- Work required:
Exact reproduction of all the data is required, with pictures excluded.

- Task input:
---

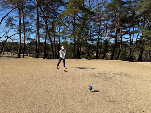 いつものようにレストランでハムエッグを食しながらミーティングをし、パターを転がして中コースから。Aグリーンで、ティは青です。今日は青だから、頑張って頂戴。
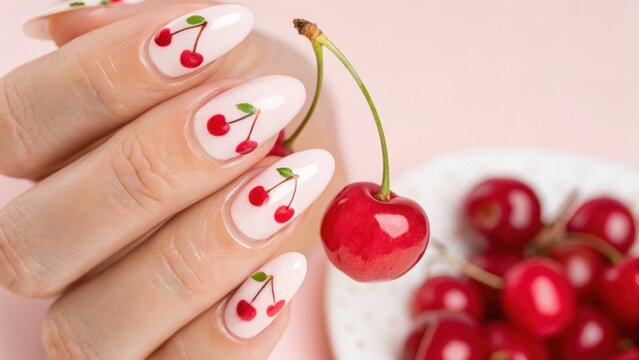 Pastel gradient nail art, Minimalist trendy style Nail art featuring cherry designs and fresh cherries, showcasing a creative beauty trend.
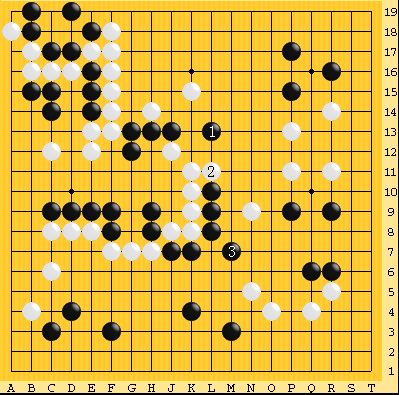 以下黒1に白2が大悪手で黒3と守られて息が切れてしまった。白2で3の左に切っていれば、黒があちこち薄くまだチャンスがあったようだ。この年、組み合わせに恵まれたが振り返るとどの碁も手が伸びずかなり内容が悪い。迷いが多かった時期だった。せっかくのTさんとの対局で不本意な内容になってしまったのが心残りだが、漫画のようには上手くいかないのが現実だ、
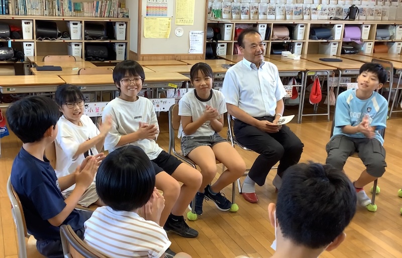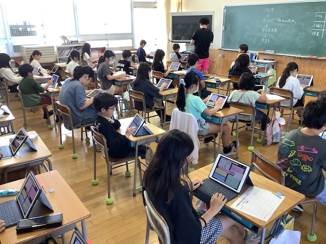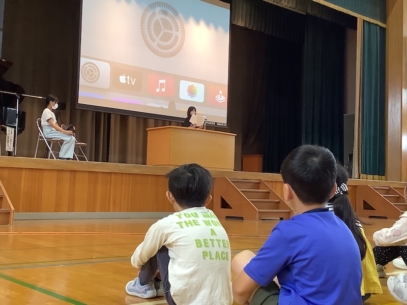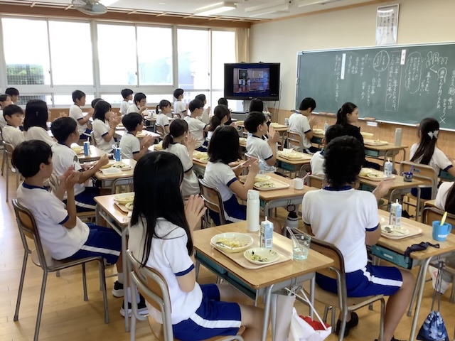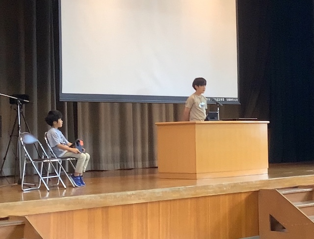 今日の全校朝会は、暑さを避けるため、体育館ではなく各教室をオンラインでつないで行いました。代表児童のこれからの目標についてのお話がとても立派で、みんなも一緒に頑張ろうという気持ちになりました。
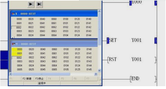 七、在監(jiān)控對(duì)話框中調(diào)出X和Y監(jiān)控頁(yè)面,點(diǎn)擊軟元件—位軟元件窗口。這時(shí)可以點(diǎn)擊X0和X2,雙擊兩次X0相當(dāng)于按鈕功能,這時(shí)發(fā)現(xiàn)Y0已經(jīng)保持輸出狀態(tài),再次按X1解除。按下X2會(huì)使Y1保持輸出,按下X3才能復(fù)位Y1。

---

- Answer for this exercise:
 いつものようにレストランでハムエッグを食しながらミーティングをし、パターを転がして中コースから。Aグリーンで、ティは青です。今日は青だから、頑張って頂戴。
 Pastel gradient nail art, Minimalist trendy style Nail art featuring cherry designs and fresh cherries, showcasing a creative beauty trend.
 以下黒1に白2が大悪手で黒3と守られて息が切れてしまった。白2で3の左に切っていれば、黒があちこち薄くまだチャンスがあったようだ。この年、組み合わせに恵まれたが振り返るとどの碁も手が伸びずかなり内容が悪い。迷いが多かった時期だった。せっかくのTさんとの対局で不本意な内容になってしまったのが心残りだが、漫画のようには上手くいかないのが現実だ、
 今日の全校朝会は、暑さを避けるため、体育館ではなく各教室をオンラインでつないで行いました。代表児童のこれからの目標についてのお話がとても立派で、みんなも一緒に頑張ろうという気持ちになりました。
 七、在監(jiān)控對(duì)話框中調(diào)出X和Y監(jiān)控頁(yè)面,點(diǎn)擊軟元件—位軟元件窗口。這時(shí)可以點(diǎn)擊X0和X2,雙擊兩次X0相當(dāng)于按鈕功能,這時(shí)發(fā)現(xiàn)Y0已經(jīng)保持輸出狀態(tài),再次按X1解除。按下X2會(huì)使Y1保持輸出,按下X3才能復(fù)位Y1。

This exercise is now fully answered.